| TYLERshape {fastM} | R Documentation |
Tyler's Shape Matrix
Description
Iterative algorithm to estimate Tyler's shape matrix using a partial Newton-Raphson approach.
Usage
TYLERshape(X, location = TRUE, eps = 1e-06, maxiter = 100)Arguments
X |
numeric data matrix or dataframe. Missing values are not allowed. |
location |
logical or numeric. If FALSE, it is assumed that the scatter should be computed wrt to the origin. If TRUE the location will be estimated as the mean vector and if it is a numeric vector it will be computed wrt to the given vector. |
eps |
convergence tolerance, which means that the algorithm stops when the Frobenius norm of the gradient is smaller than eps. |
maxiter |
maximum number of iterations. |
Details
The estimate is based on the new fast algorithm described in Duembgen et al. (2016). Note that Tyler's shape matrix is standardized such that it has determinant 1.

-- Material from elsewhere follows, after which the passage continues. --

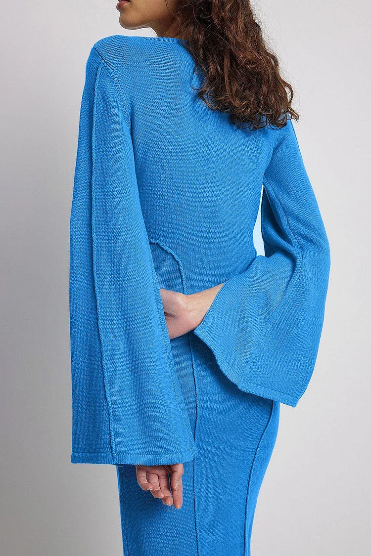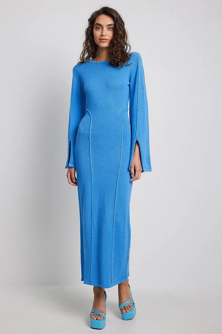 Konfor ve şıklığı bir arada sunan Elora Mavi Triko Maxi Elbise, yumuşak dokusu ve modern tasarımıyla her mevsim stilinizi tamamlar. Yuvarlak yaka, geniş kollar ve yırtmaç detayıyla hem zarif hem de rahat bir siluet oluşturur.

The function does not check if there are observations equal to the mean (if location=TRUE), to the provided location vector or to the origin (if location=FALSE).
In these cases the function will fail.
In case maxiter is reached before convergence, the estimate at that iteration is returned and a warning is given.
Value
A list containing:
mu |
Estimated location if |
Sigma |
Estimated shape matrix. |
iter |
Number of iterations of the algorithm. |
Author(s)
Lutz Duembgen and Klaus Nordhausen
References
Tyler, D.E. (1987), A distribution-free M-estimator of scatter, Annals of Statistics, 15, 234–251.
Duembgen, L., Nordhausen, K. and Schuhmacher, H. (2016), New algorithms for M-estimation of multivariate location and scatter, Journal of Multivariate Analysis, 144, 200–217. doi: 10.1016/j.jmva.2015.11.009
See Also
Examples
TYLERshape(longley)
# compare to
# library(ICSNP)
# tyler.shape(longley)
TYLERshape(longley, location=FALSE)
# compare to
# library(ICSNP)
# tyler.shape(longley, location=0)